■ Stored data ■
____

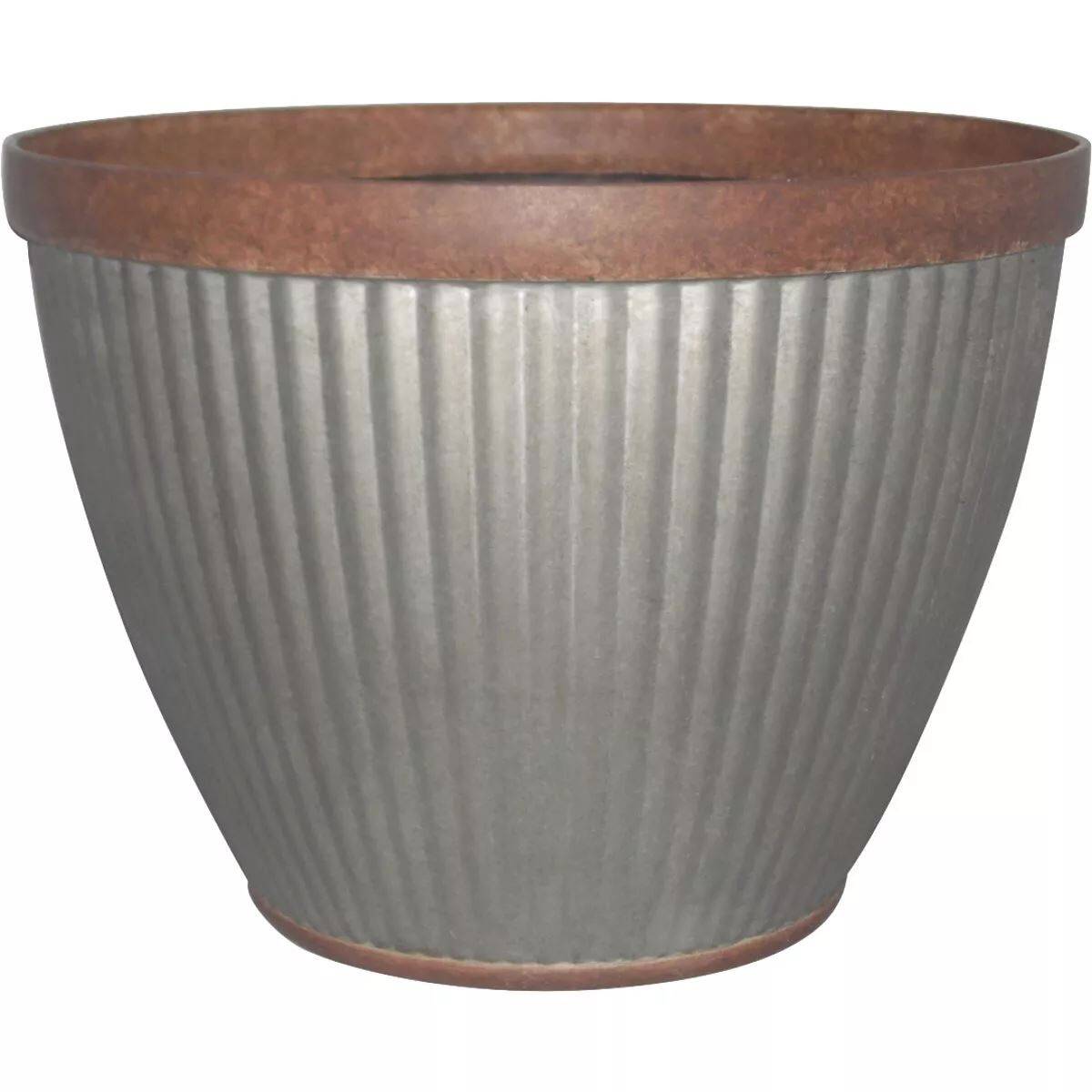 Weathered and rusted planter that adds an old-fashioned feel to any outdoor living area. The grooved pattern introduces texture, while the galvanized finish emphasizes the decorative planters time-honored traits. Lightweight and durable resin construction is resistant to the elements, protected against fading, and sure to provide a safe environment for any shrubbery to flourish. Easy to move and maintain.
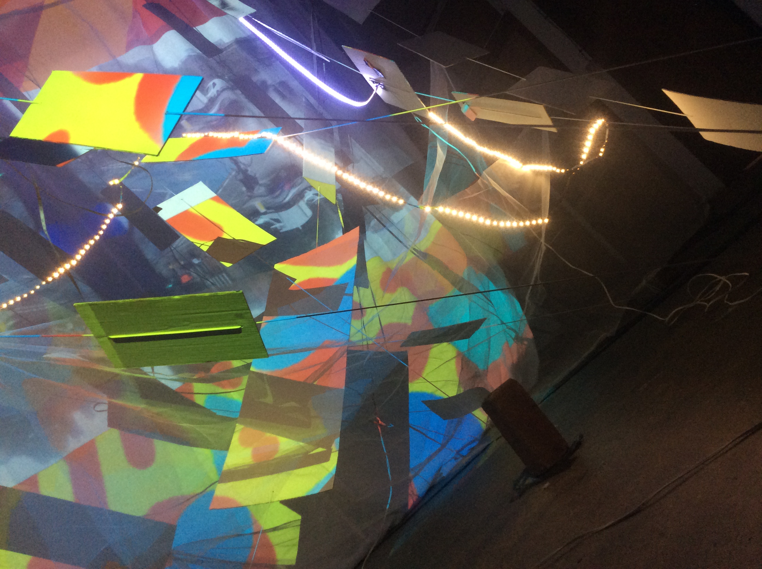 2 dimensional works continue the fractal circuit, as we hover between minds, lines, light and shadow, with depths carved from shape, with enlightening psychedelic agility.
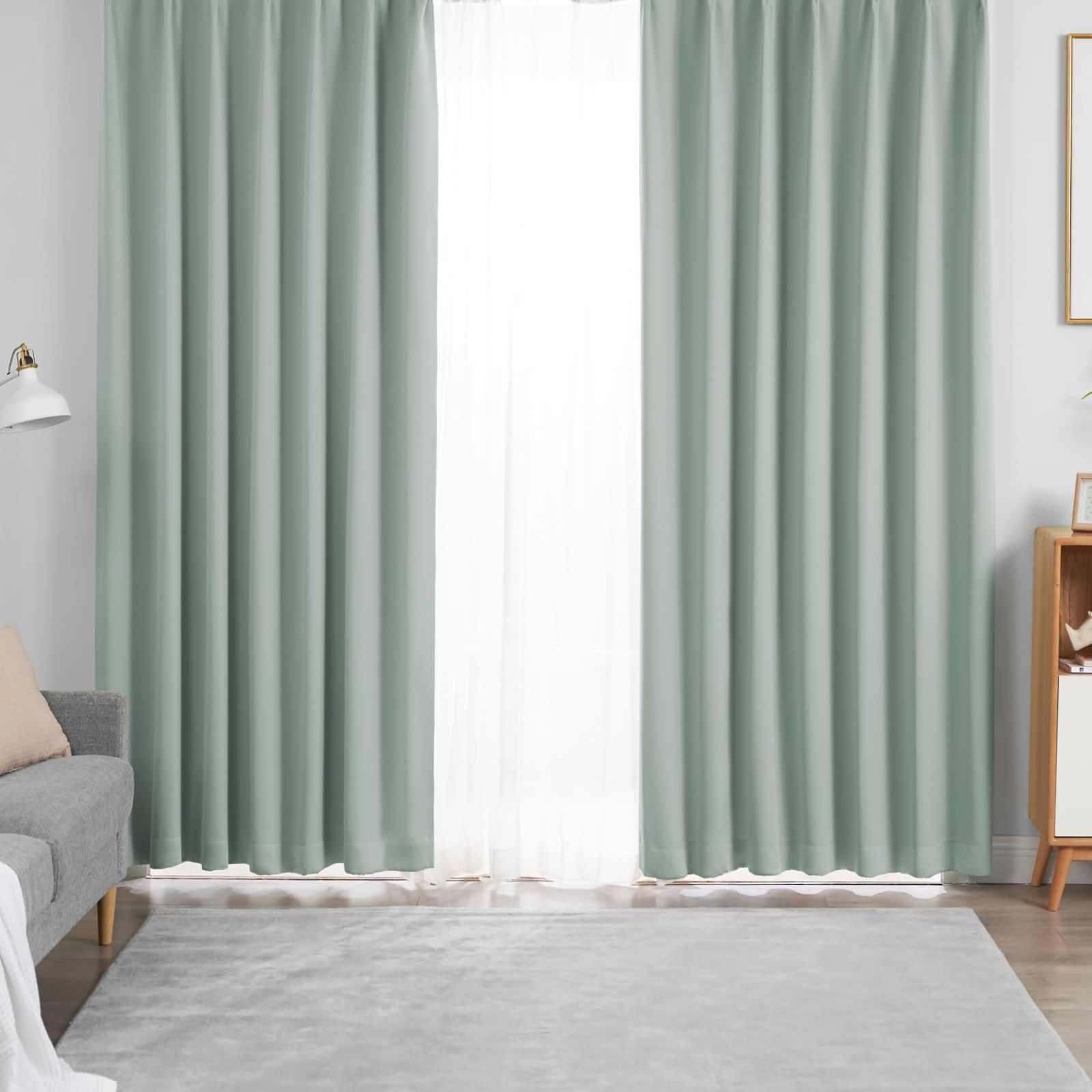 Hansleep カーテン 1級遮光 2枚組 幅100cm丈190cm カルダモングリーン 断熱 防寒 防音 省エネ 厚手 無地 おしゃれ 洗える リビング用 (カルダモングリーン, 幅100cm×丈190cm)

____

■ Task objective ■
All of the data must be repeated exactly, except for the pictures.

■ Written reply ■
 Weathered and rusted planter that adds an old-fashioned feel to any outdoor living area. The grooved pattern introduces texture, while the galvanized finish emphasizes the decorative planters time-honored traits. Lightweight and durable resin construction is resistant to the elements, protected against fading, and sure to provide a safe environment for any shrubbery to flourish. Easy to move and maintain.
 2 dimensional works continue the fractal circuit, as we hover between minds, lines, light and shadow, with depths carved from shape, with enlightening psychedelic agility.
 Hansleep カーテン 1級遮光 2枚組 幅100cm丈190cm カルダモングリーン 断熱 防寒 防音 省エネ 厚手 無地 おしゃれ 洗える リビング用 (カルダモングリーン, 幅100cm×丈190cm)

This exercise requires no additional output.